Should your products be designed by your customers, or inspired by your customers?
Getting Inspired
We talk about designing products for customers, getting feedback from customers, focusing on problems, and the differences between requirements and design. I’ll wager that every product manager has thought about these things.
J.D. Meier wrote a good article about the best practices of being a product manager, including a tip to get customers (or their proxies) directly connected to developers. After enjoying the article, I was reading through the comments. And I got to #11, from “Bob.” In his comment, Bob said [bold is mine]:
“…Building a product that customers will want to buy means transforming those needs into product specifications. You don’t want a product designed by your customers, you want a product inspired by your customers. That means thinking about wants and needs in a different way….”
Thanks Bob.
There are some ideas, or phrasings of ideas that just stick with you. Maybe I’m receptive because I just read the wikipedia article on koans. Whatever the reason, when I read Bob’s sentence, I walk away with several concepts at different levels.
Requirements
At the end of the day, as a product manager, you don’t (or at least shouldn’t) write down, prioritize, and implement a list of features. That’s just execution against a solution designed by your customer.

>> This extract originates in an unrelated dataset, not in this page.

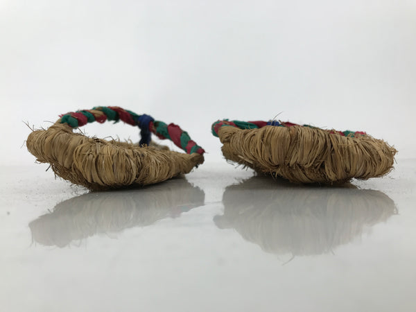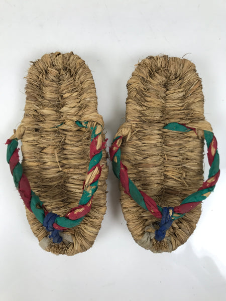 This pair is mostly straw with a decorative green, blue, and red silk fabric around the thong. These are likely made the be worn by women or children with casual kimono or yukata, but can also serve a unique decorative element to any design.

A therapist does not interview a patient and then simply prescribe that they “stop doing that.” A therapist will interview the patient, and elicit information – with the goal of understanding the problems that need to be addressed. A product manager (or business analyst) should do the same thing. The product manager should identify the requirements of the customers.
Understanding these requirements is a necessary (but not sufficient) component of developing products inspired by you customers.
Design
Depending on which debate you’re having on a given day, design can mean “choosing to address the customer’s needs with software” or “deciding that you must invoice the customer before shipping their order” or “making sure that the customer gets feedback in the UI automatically without additional action.”
Regardless, a user’s goals (not the buyer’s goals) are a key driver of developing great products. By developing personas and incorporating an understanding of their personal goals into products, you are given an opportunity to be inspired by your customers. A focus group is more likely to tell you how to solve their problems than they are to express the importance of their problems. Unless you’re lucky enough to have a focus group populated with other product managers.
I think the requirements versus design debate is, when thinking about inspiration, (a) murkier than ever, and (b) less relevant than before. If I’m struggling with a particular team on a particular project, where an improvement in role definition and responsibility assignment is needed, I will help the people make an explicit distinction. When the murkiness is not hurting people, I’m happy to leave it murky.
What is important is that the stakeholder’s goals (including customer needs and internal stakeholder goals) be communicated effectively to the team developing the solution.
Understanding the distinction between problems and problem manifestations (or solutions) is a necessary, but insufficient component of developing products that are inspired by your customers.
Ponder the Koan
The cool thing about a Koan is that the statement (or question) is intended to cause you to think, and to help you reach enlightenment. I’m not wrapping up this article with a ‘conclusion’ section, but a ‘go ponder some more’ section. I know that I will be thinking about this when I have my next conversation, draw my next diagram, and write my next requirement.
You don’t want a product designed by your customers, you want a product inspired by your customers.